Sen. Plumb framed the bill as a public‑health measure. “Nicotine means a poisonous nitrogen containing chemical that is made synthetically or comes from tobacco or other plants,” she told colleagues as she urged action to stop youth initiation. Plumb said the bill targets flavored vaping products that research and state surveys show are favored by youth.

Lawmakers pressed the bill’s fiscal and enforcement implications. Sen. Weiler pointed to a fiscal note discussed on the floor, saying the bill’s projected impact totaled about $14,500,000 across several years and asked whether the appropriations committee had prioritized that funding. Sen. Weiler said he opposes the original bill’s economic impact on retail businesses and offered a substitute that would instead require robust security, identification verification, inventory tracking and criminal enforcement provisions tied to specialty retailers’ practices.

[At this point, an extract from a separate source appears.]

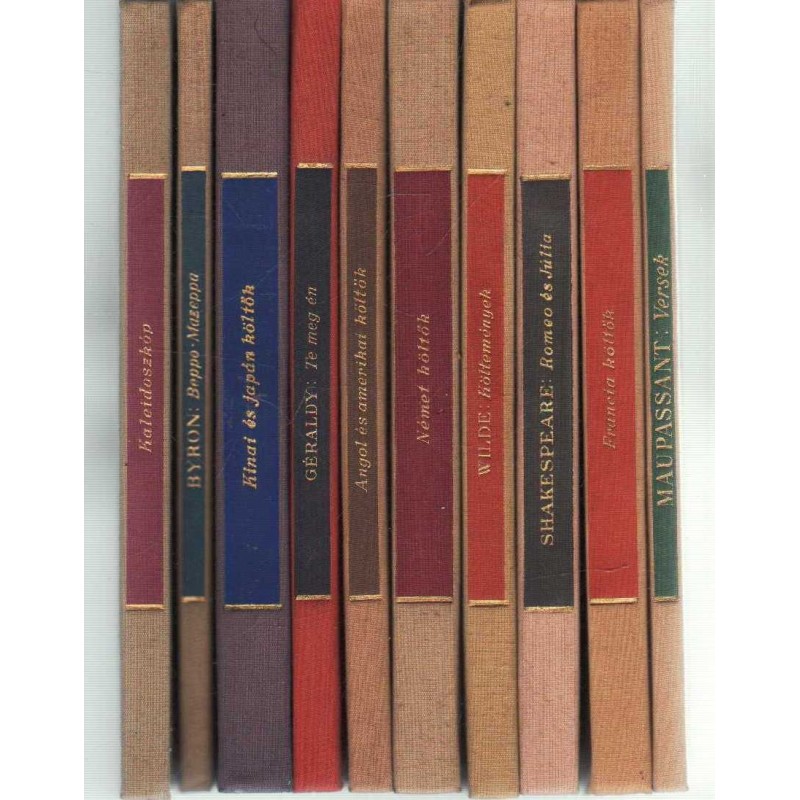 Címek: Versek - Francia költők - Romeo és Júlia - Költemények - Német költők - Angol és amerikai költők - Te meg én - Kínai és japán költők - Beppo/Mazeppa - Kaleidoszkóp.Címzett :

Advocates for the underlying ban pushed back on the substitute. Sen. Bramble said retailers had been warned previously and had not done enough to keep flavored products out of minors’ hands: “They were put on notice and they knew that security was an issue,” he said, arguing the Legislature must act because voluntary measures failed.

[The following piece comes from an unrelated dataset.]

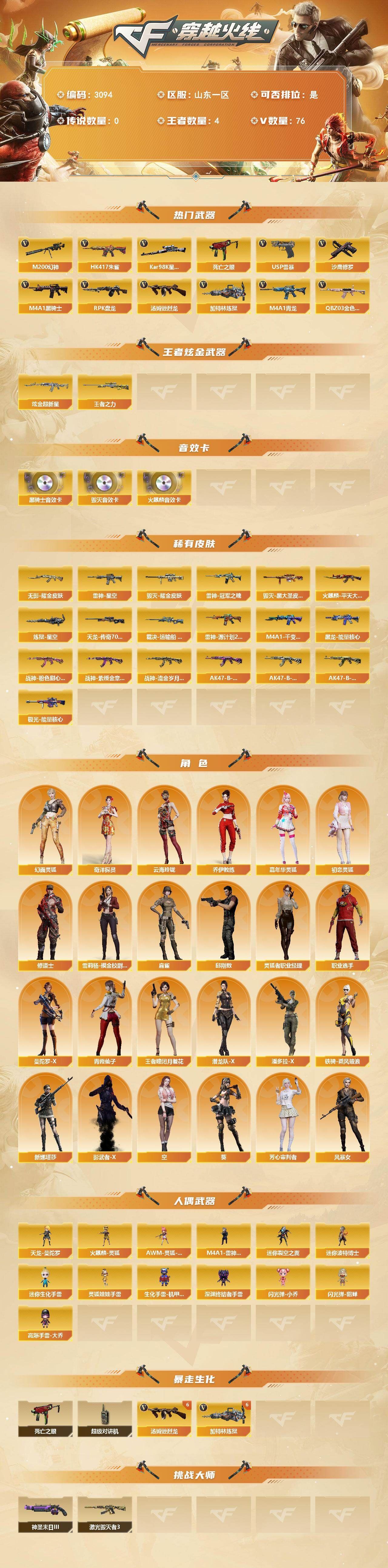 可二次可排位 山东一区-76V-3王者武器数-1炫金武器数【热门武器】:QBZ03-金色蔷薇,HK417-朱雀,M4A1-青龙,M200-幻神,死亡之眼*2,Kar98K-星神,M4A1-黑骑士*3,汤姆逊-烈龙*6,RPK-盘龙,加特林-炼狱*7,USP-雷暴,沙鹰-修罗【王者炫金武器】:王者之力,炫金超新星【音效卡】:AK47-火麒麟音效卡,M4A1-黑骑士音效卡,Barrett-毁灭音效卡【皮肤】:裁决-运输船 皮肤,雷神-星空,雷神-冠军之魄,雷神-源计划2.0专属 皮肤,火麒麟-平天大圣,毁灭耀金皮肤,毁灭-黑大圣皮肤,M4A1-千变-孔明皮肤*2,黑龙-能量核心,无影耀金皮肤,战神-粉色甜心皮肤,战神-紫绶金章皮肤*3,战神-流金岁月皮肤*2,AK47-B-常胜将军-曹操,AK47-B-常胜将军-刘备*2,AK47-B-常胜将军-孙权,AWM-天龙-传奇70KG,极光-能量核心,炼狱-星空【角色】:葵,4防王者-瞳-闭月羞花,奇洋探员,乔伊教练,修道士,云海玲珑,幻面灵狐,空,初恋灵狐,芳心审判者,风暴女,嘉年华灵狐,灵狐者-职业经理,麻雀,曼陀罗-X,潘多拉-X,潜龙队-X,邱刚敖,青霞仙子,铁骑-乘风破浪,新娜塔莎,雪莉杨-摸金校尉,影武者-X,职业选手【人偶武器】:天龙-曼陀罗,火麒麟-灵狐,M4A1-雷神-精英刀锋,AWM-灵狐-15周年嘉年华,迷你裂空之翼*2,迷你波特博士,迷你生化手雷,生化手雷-机甲核心,深渊终结者手雷,闪光弹-小乔,闪光弹-貂蝉,高爆手雷-大乔,灵狐娃娃手雷【暴走生化】:死亡之眼*2,超级对讲机【挑战大师】:激光毁灭者III*2,神圣爆裂者-末日III*2【英雄级武器】:M4A1-千变,AK47-火麒麟,AK47-麒麟,M4A1-黑龙,M4A1-雷神,M4A1-黑骑士*3,AK47-无影,M4A1-死神,AK47-黑武士,AN94-超新星,M4A1-龙血,M4A1-青龙,HK417-朱雀,无影-神兵利器,黑武士-锦绣游龙,M4A1-玫瑰精灵,QBZ03-金色蔷薇,9A91-烈火,王者之心-觉醒版,AK-47-猩红传说*6,AK47-B-战神,黑骑士-海王,AK47-B-常胜将军,AK47-B-身先士卒,AK47-B-战士*2,AWM-天龙,Barrett-毁灭,Barrett-极光,AWM-裁决,M200-幻神,Barrett-朱雀,Kar98K-星神,Barrett-金色蔷薇,Barrett-暗月传说,RPK-盘龙,加特林-炼狱*7,炼狱-悦蓝-觉醒版,汤姆逊-烈龙*6,AA-12-雷霆,沙鹰-修罗,USP-雷暴,屠龙*2,龙啸,擎天,麒麟刺,斩神刀-雷暴,王者之啸-觉醒版,屠龙-电竞之星,高爆手雷-雷暴,闪光弹-雷暴,烟雾弹-雷暴,烟雾弹-幻灵*2,烟雾弹-竞技荣光,AK47-竞魂无影【源级武器】:源-千变,源·火麒麟*3,御·黑龙-龙太子,源·雷神*4,魂·M4A1-雷神-化蛇,魂·雷神-新春神龙,魂-雷神-萌杀,魂·雷神-15周年嘉年华,御·雷神-机甲刑天*2,御·雷神-烈虎*2,M4A1-十二生肖·龙-雷神,御·雷神-葫芦兄弟,御·雷神-小白龙*2,源·黑骑士,魂·黑骑士-现代金属,魂·黑骑士-幻能朋克*2,魂·黑骑士-破浪10年,御·黑骑士-冰魄,御·黑骑士·哪吒闹海*2,源·无影,源·AK47-黑武士,源·天启,魂·超新星-春桃,源·武圣*2,源·机械迷城,源·青龙*2,M4A1-青龙-掌上穿越火线,源-金色蔷薇,魂·QBZ03-金色蔷薇-萌杀,魂·QBZ03-金色蔷薇-蛇姬,源-极光,源·天龙*2,魂·天龙-彼岸花,魂·裁决-凤灵*2,魂·裁决-羽掣,源·毁灭*3,魂·毁灭-青帝,魂·毁灭-神秘黑洞*2,御·毁灭-黑大圣,御·毁灭-葫芦兄弟,御·毁灭-怒火大圣,魂·Barrett-朱雀-锦鲤,魂·Barrett-朱雀- 新春神龙,源·Barrett-朱雀,灵·Barrett-朱雀-炫光,魂·炼狱-月,加特林-炼狱-掌火,御·炼狱-女娲,魂·修罗-15周年嘉年华,魂·修罗-神兵利器,源·天神*3,魂·天神-阿努比斯,魂·天神-宇航兔兔*2,源·武圣glock,魂·屠龙-都是Cfer,源·龙啸*2,魂·龙啸-秦师,魂·麒麟刺-神秘黑洞【道具】:CFS限定背包,亚洲杯纪念炫彩背包,奇洋探员-海龟背包,战舰背包,背包-葫芦兄弟,超级背包,绿色巨人,各种道具详情看截图、低价出售找回包 赔、截图展示段位不代 表实际段位,如赛季更新等不可抗拒因素发生变化、时限道具不保证所剩时间、标题未写送点劵默认不送【卖号买号首选亿梦】

Other senators expressed concern about unintended consequences and enforcement feasibility. Sen. Wyler argued the substitute would preserve adult access while increasing oversight; he warned that an outright ban could shutter hundreds of specialty retail shops and push sales across state lines. “This is an anti‑business bill,” Wyler said in floor remarks that emphasized the policy’s economic consequences.

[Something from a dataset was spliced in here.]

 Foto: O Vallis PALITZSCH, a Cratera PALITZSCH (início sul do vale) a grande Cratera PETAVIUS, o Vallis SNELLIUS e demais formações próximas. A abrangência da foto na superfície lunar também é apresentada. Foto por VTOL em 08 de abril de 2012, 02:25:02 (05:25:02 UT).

Several members noted the bill’s health rationale. Sen. Plumb, a pediatrician and emergency‑medicine physician, described seeing young patients in withdrawal and urged colleagues to prioritize prevention: “We need to stop this pipeline of feeding our kids into a lifetime dependence on nicotine,” she said.

Procedurally, a motion to substitute the bill with a retail‑security focused alternative was considered and failed; the Senate then proceeded with consideration of the underlying bill and moved it toward a third‑reading vote. Sponsors adopted a technical amendment removing lines referencing the lieutenant governor’s office.

What’s next: The bill was advanced toward third reading after floor votes on amendment and substitute motions. Because the measures involve both public‑health goals and contested fiscal and business impacts, the bill’s future depends on further legislative steps and possible amendments in committee or on the floor.